In the first SL model, Hersey and Blanchard identified four leadership styles: Telling (S1), Selling (S2), Participating (S3) and Delegating (S4), each suited to different stages that relate to follower readiness levels. Follower readiness is determined by competence (ability) and commitment (willingness) to perform a specific task. The telling and selling styles were recommended for followers with lower levels of readiness who required high direction and supervision. The participating and delegating styles were recommended for highly competent followers with high readiness, allowing them to work autonomously (CLS, 2017; Hersey & Blanchard, 2013; Northouse, 2016).
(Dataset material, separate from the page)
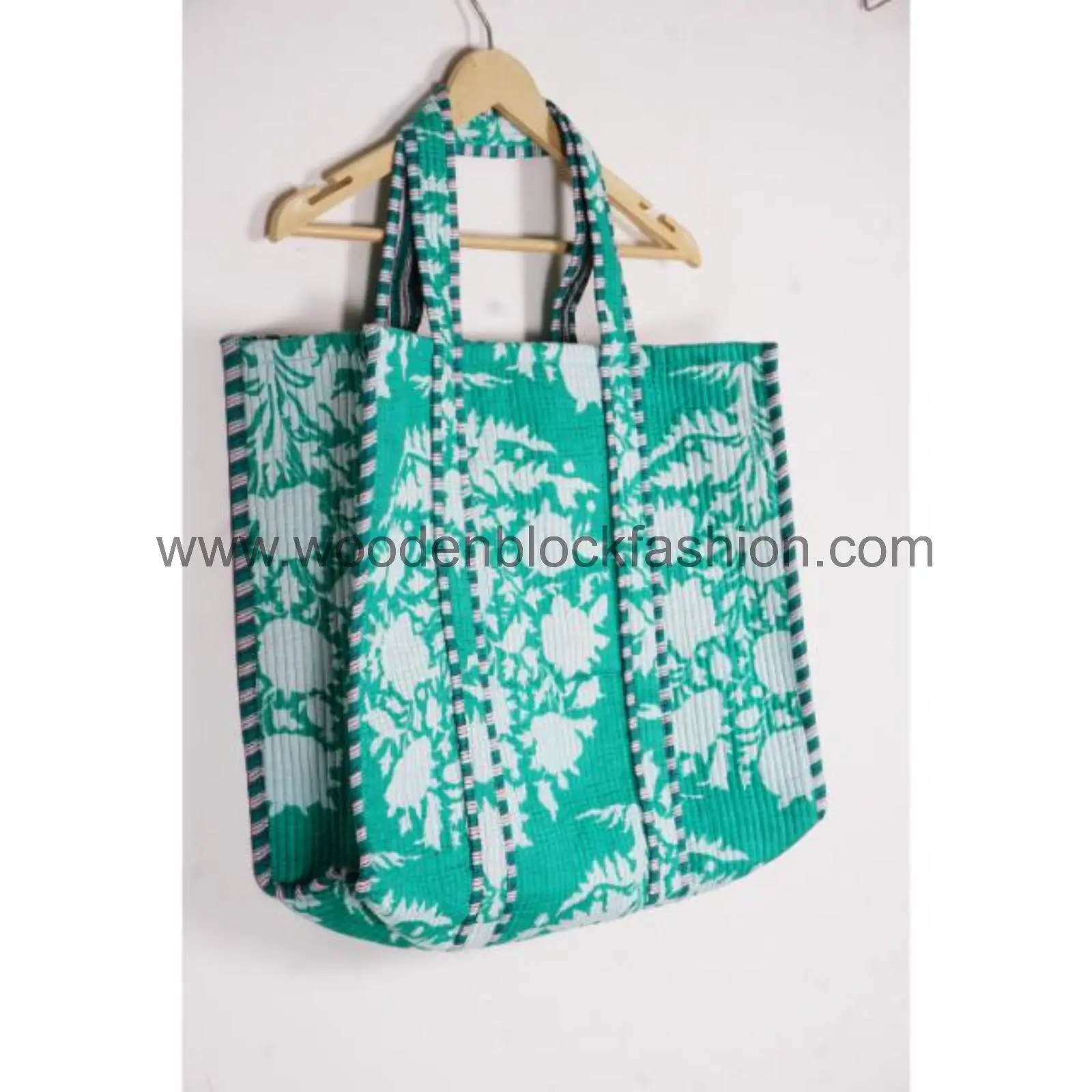 This floral cotton shoulder tote bag is crafted from soft quilted cotton and decorated with traditional hand block prints. Comfortable straps make it ideal for everyday wear.

The Situational Leadership II (SLII) model retains all the principles of the original SL model but introduces more precision in matching leadership styles to follower readiness. The SLII emphasises the dynamic and adaptive nature of leadership, asserting that effective leaders must continually assess and respond to the development levels of their followers, which are based on their competence (ability) and commitment (willingness) to perform a task (CLS, 2017; Northouse, 2016). The SLII model facilitates objective assessment of task requirements and developmental stages of followers, and selection of an appropriate leadership style that fosters task accomplishment as well as follower growth. This approach can result in numerous positive organisational behaviours and outcomes (CLS, 2017; Northouse, 2016; Novruzov, 2024; Kapotwe & Bamata, 2023).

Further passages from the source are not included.